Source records
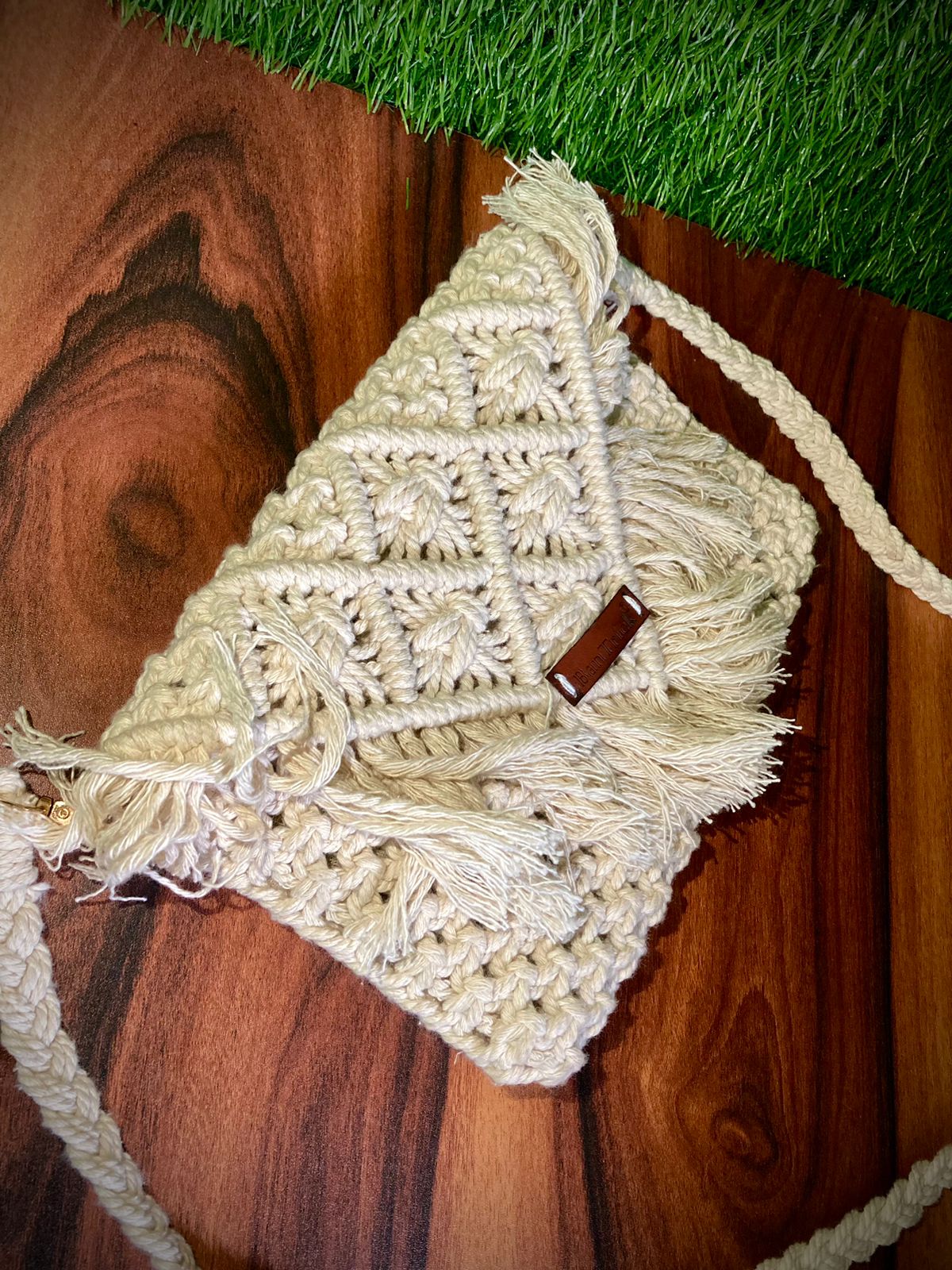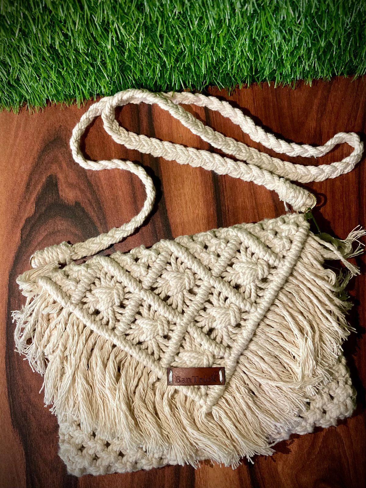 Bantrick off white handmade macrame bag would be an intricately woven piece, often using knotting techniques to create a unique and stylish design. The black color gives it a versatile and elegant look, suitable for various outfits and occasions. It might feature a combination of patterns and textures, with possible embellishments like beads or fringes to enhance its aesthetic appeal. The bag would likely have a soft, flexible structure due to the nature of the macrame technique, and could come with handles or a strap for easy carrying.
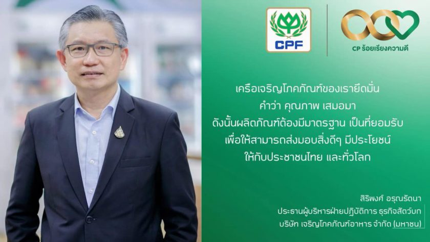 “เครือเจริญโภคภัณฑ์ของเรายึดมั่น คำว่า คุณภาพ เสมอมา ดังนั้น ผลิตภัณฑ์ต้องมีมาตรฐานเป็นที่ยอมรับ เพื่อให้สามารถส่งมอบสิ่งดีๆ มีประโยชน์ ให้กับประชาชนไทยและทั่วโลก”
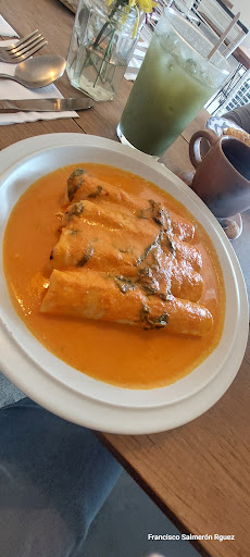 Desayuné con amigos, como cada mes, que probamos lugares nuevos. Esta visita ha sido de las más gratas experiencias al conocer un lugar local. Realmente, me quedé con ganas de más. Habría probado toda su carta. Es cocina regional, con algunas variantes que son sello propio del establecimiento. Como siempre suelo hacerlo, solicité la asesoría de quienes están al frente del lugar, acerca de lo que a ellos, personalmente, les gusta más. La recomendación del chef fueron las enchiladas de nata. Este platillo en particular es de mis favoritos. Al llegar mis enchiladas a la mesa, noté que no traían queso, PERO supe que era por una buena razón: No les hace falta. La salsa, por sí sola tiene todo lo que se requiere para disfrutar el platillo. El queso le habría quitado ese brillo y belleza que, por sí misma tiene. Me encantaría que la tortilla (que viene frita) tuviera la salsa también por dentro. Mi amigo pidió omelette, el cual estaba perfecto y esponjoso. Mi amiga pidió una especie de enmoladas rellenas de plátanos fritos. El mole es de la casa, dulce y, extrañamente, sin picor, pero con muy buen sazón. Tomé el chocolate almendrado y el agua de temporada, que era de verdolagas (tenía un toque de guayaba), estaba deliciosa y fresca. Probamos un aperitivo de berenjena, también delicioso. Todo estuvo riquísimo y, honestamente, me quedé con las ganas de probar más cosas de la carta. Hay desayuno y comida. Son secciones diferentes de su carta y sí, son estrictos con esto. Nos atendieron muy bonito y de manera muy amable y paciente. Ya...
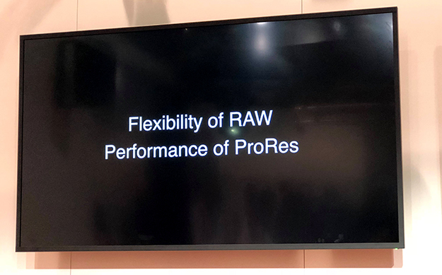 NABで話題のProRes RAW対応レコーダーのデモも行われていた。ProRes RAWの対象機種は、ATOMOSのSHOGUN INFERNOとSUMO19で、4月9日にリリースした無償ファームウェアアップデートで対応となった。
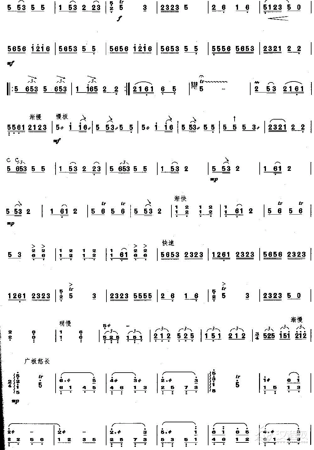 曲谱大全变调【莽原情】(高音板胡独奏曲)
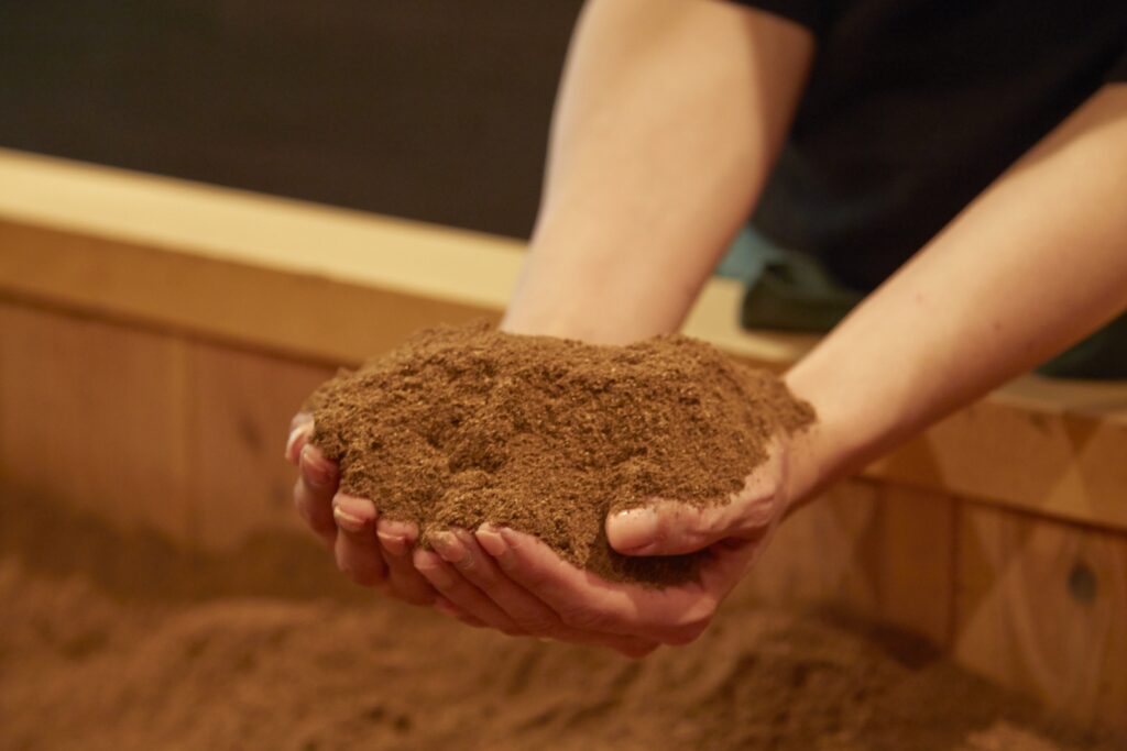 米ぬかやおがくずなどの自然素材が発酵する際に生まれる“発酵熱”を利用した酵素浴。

What you should do
Would you set down the entries exactly as given, minus their pictures?

Answer to this exercise
 Bantrick off white handmade macrame bag would be an intricately woven piece, often using knotting techniques to create a unique and stylish design. The black color gives it a versatile and elegant look, suitable for various outfits and occasions. It might feature a combination of patterns and textures, with possible embellishments like beads or fringes to enhance its aesthetic appeal. The bag would likely have a soft, flexible structure due to the nature of the macrame technique, and could come with handles or a strap for easy carrying.
 “เครือเจริญโภคภัณฑ์ของเรายึดมั่น คำว่า คุณภาพ เสมอมา ดังนั้น ผลิตภัณฑ์ต้องมีมาตรฐานเป็นที่ยอมรับ เพื่อให้สามารถส่งมอบสิ่งดีๆ มีประโยชน์ ให้กับประชาชนไทยและทั่วโลก”
 Desayuné con amigos, como cada mes, que probamos lugares nuevos. Esta visita ha sido de las más gratas experiencias al conocer un lugar local. Realmente, me quedé con ganas de más. Habría probado toda su carta. Es cocina regional, con algunas variantes que son sello propio del establecimiento. Como siempre suelo hacerlo, solicité la asesoría de quienes están al frente del lugar, acerca de lo que a ellos, personalmente, les gusta más. La recomendación del chef fueron las enchiladas de nata. Este platillo en particular es de mis favoritos. Al llegar mis enchiladas a la mesa, noté que no traían queso, PERO supe que era por una buena razón: No les hace falta. La salsa, por sí sola tiene todo lo que se requiere para disfrutar el platillo. El queso le habría quitado ese brillo y belleza que, por sí misma tiene. Me encantaría que la tortilla (que viene frita) tuviera la salsa también por dentro. Mi amigo pidió omelette, el cual estaba perfecto y esponjoso. Mi amiga pidió una especie de enmoladas rellenas de plátanos fritos. El mole es de la casa, dulce y, extrañamente, sin picor, pero con muy buen sazón. Tomé el chocolate almendrado y el agua de temporada, que era de verdolagas (tenía un toque de guayaba), estaba deliciosa y fresca. Probamos un aperitivo de berenjena, también delicioso. Todo estuvo riquísimo y, honestamente, me quedé con las ganas de probar más cosas de la carta. Hay desayuno y comida. Son secciones diferentes de su carta y sí, son estrictos con esto. Nos atendieron muy bonito y de manera muy amable y paciente. Ya...
 NABで話題のProRes RAW対応レコーダーのデモも行われていた。ProRes RAWの対象機種は、ATOMOSのSHOGUN INFERNOとSUMO19で、4月9日にリリースした無償ファームウェアアップデートで対応となった。
 曲谱大全变调【莽原情】(高音板胡独奏曲)
 米ぬかやおがくずなどの自然素材が発酵する際に生まれる“発酵熱”を利用した酵素浴。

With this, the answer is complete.